--- Supplied material Enclosed Below ---

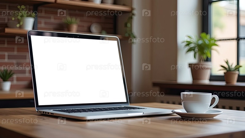 Ноутбук с белым экраном макет на фоне кафе в стиле лофт со стаканкой кофе на столе. удаленная работа, интернет, покупки. ИИ генерируется
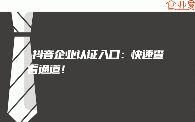 - 抖音企业认证入口:快速查看通道!
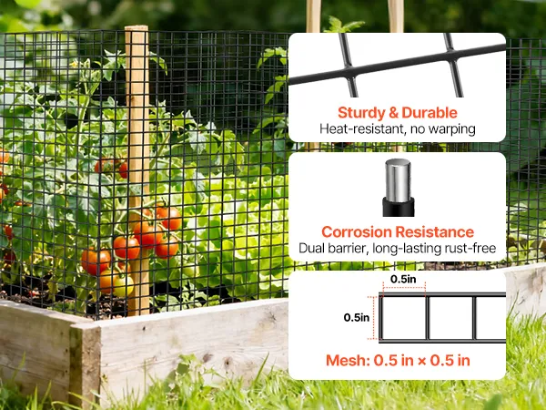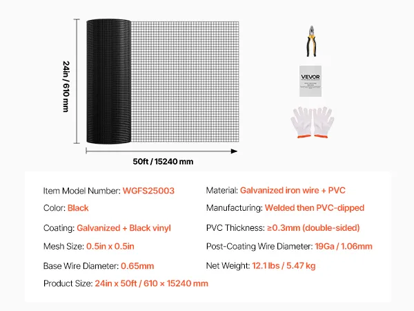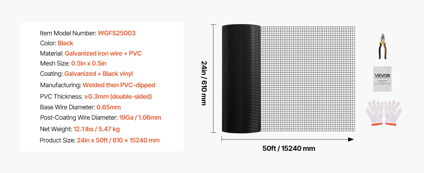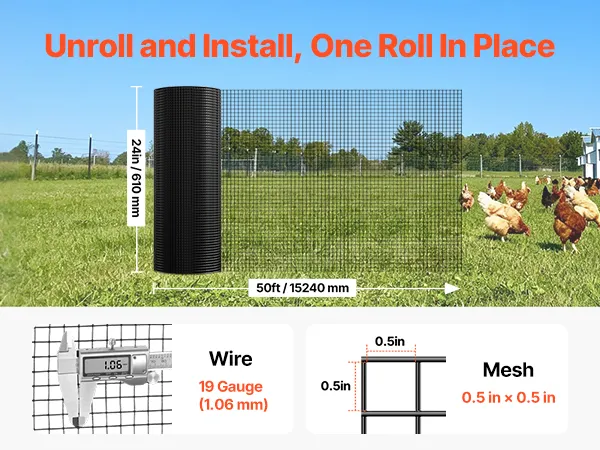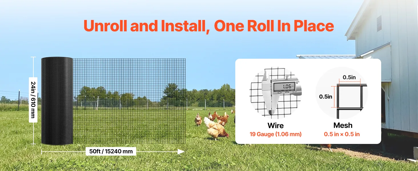 VEVOR Hardware Cloth 61cm x 15.2m, 1/2 in 19 Gauge Galvanized Wire Mesh Roll, Weather-Resistant Vinyl Coated Chicken Wire Fencing, Heavy Duty Welded Garden Plant Fencing for Rabbit Cage Snake Fence
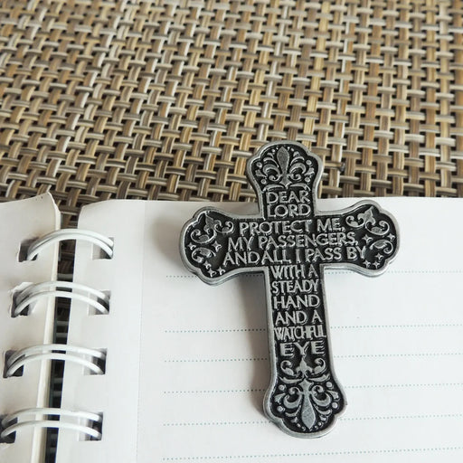 in stockAuto visor clip in bright finished metal. Featuring cross design, complete with inscribed motorist prayer.
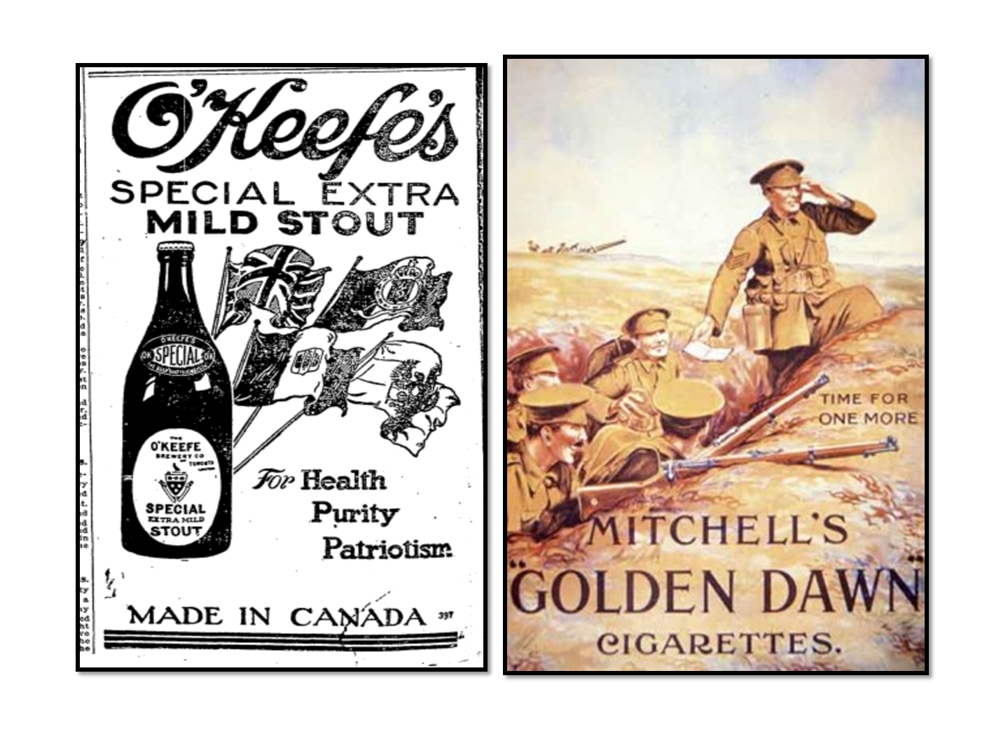 Alcohol, including beer, was available to the men in the trenches even when Prohibition banned here in Canada. Cigarettes were universal and even include in Queen Mary’s Comfort Boxes given to the troops.

--- End of Enclosed Supplied material ---

> The problem: Each line from the one containing "- 抖音企业认证入口:快速查看通道!" to the final line of the data must be printed exactly, both included, with nothing else and no pictures.

> Your response:
 - 抖音企业认证入口:快速查看通道!
 VEVOR Hardware Cloth 61cm x 15.2m, 1/2 in 19 Gauge Galvanized Wire Mesh Roll, Weather-Resistant Vinyl Coated Chicken Wire Fencing, Heavy Duty Welded Garden Plant Fencing for Rabbit Cage Snake Fence
 in stockAuto visor clip in bright finished metal. Featuring cross design, complete with inscribed motorist prayer.
 Alcohol, including beer, was available to the men in the trenches even when Prohibition banned here in Canada. Cigarettes were universal and even include in Queen Mary’s Comfort Boxes given to the troops.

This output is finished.